It is more than a pleasure to acknowledge my obligations to those whose counsel and assistance have been constantly at my disposal in the preparation of this volume. By the librarians and their staffs in the libraries of Harvard University, the University of California, the University of Pennsylvania, and Bryn Mawr College I have been treated with a courtesy and helpfulness which are beyond praise. Mr. George W. Robinson, Secretary of the Graduate School of Arts and Sciences of Harvard University, has given me much valuable assistance in preparing the manuscript for the press and in the correction of the proof. Finally, I have to acknowledge a debt of gratitude which is deeper than can well be expressed in writing, that which I owe to my teachers. It was Professor Dana C. Munro, now of Princeton University, who first taught me to care greatly for the Middle Ages and awakened my interest in the Crusades. He has followed this volume with kindly interest while it has been in the making, and has given me much helpful criticism upon that part which relates to the First Crusade. But above all I am indebted to Professor Charles H. Haskins of Harvard University, at whose suggestion this work was first undertaken and without whose help and counsel it could hardly have been brought to completion.
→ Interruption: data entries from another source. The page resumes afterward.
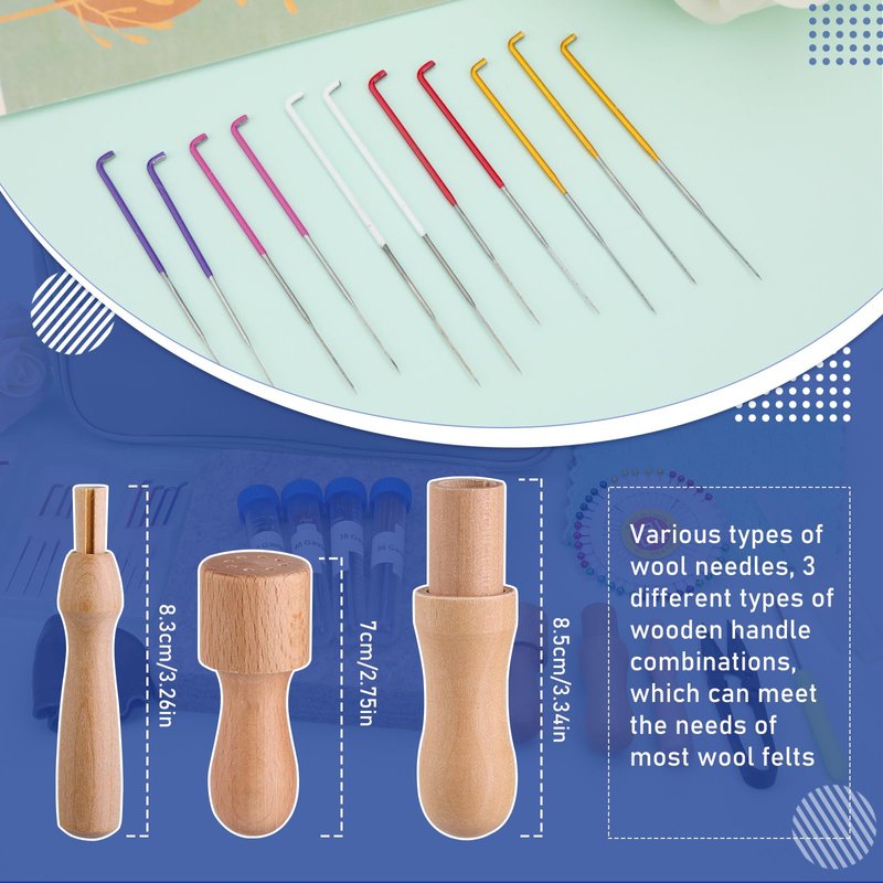 Practical Felt Tool Set: Contains a felt pad, 40 felt needles(10pcs 36gauge, 10pcs 38gauge, 15pcs 40gauge, 5pcs 40gauge), 3pcs star felting needles,4pcs cone felting needles,4pcs spiral felting needles,1 single needle handle,1 pair of finger cots, 1 rag (for oil on needles ), etc..a bag for all felting felting tools.
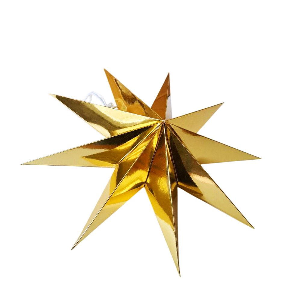 Объёмная декоративная звезда из картона диаметром 30 см с 9 лучами. Оснащена встроенным шнурком для подвешивания. Поставляется в компактном сложенном виде и быстро собирается: специальный шнурок при затягивании придаёт изделию объём и фиксирует форму. После сборки звезда остаётся устойчивой без дополнительных креплений и может использоваться многократно.
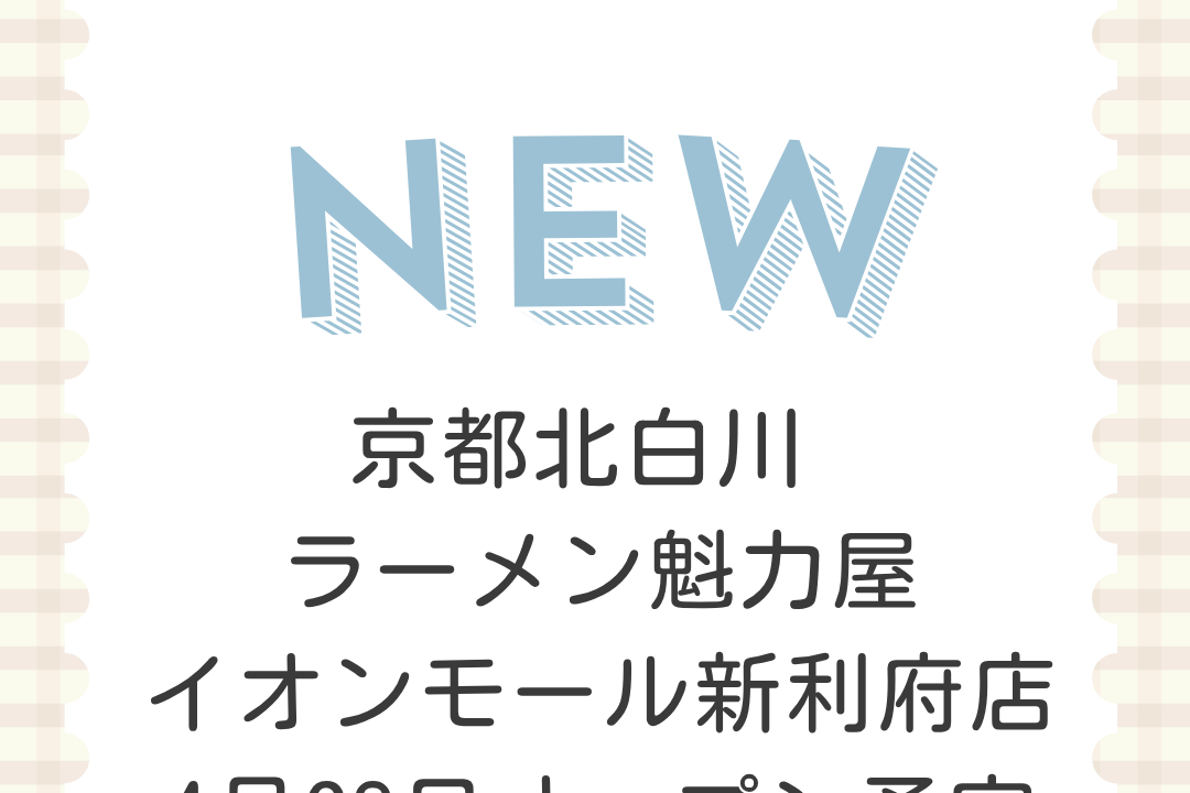 【宮城郡利府町】京都北白川 ラーメン魁力屋 イオンモール新利府店が4月28日にオープン予定
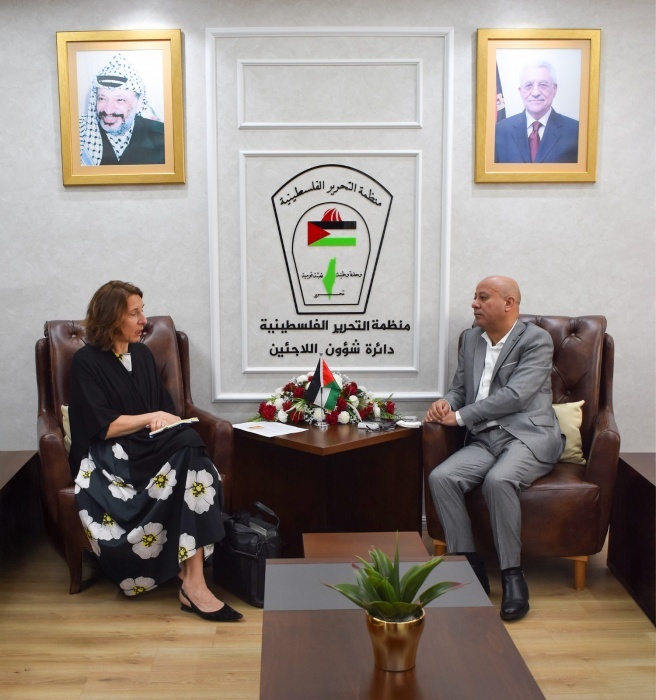 بحث عضو اللجنة التنفيذية لمنظمة التحرير الفلسطينية، رئيس دائرة شؤون اللاجئين، د. أحمد أبو هولي، مع المبعوث الألماني الخاصة للقضايا الإنسانية في الشرق الأوسط والمدير العام للوقاية من الأزمات، السيدة دايك بوتزل، الموضوعات ذات الاهتمام المشترك المتصلة بالشؤون الإنسانية والإغاثية، في فلسطين، وآليات دعم وكالة غوث وتشغيل اللاجئين الفلسطينيين في الشرق الأدنى "الأونروا" وتمكينها المالي للقيام بولايتها بحسب التفويض الممنوح لها بالقرار 302 .

While the author must accept full responsibility for the statements and conclusions herein contained, it is proper to say that the documentary materials which Professor Haskins had collected, as well as the results of his own researches, were placed at my disposal in manuscript before their publication in his recent volume entitled Norman Institutions, that separate chapters as they have been prepared have passed through his hands for detailed criticism, and that his unfailing patience has extended even to the reading of the proof sheets.
Charles Wendell David.
Bryn Mawr, Pennsylvania, September, 1919.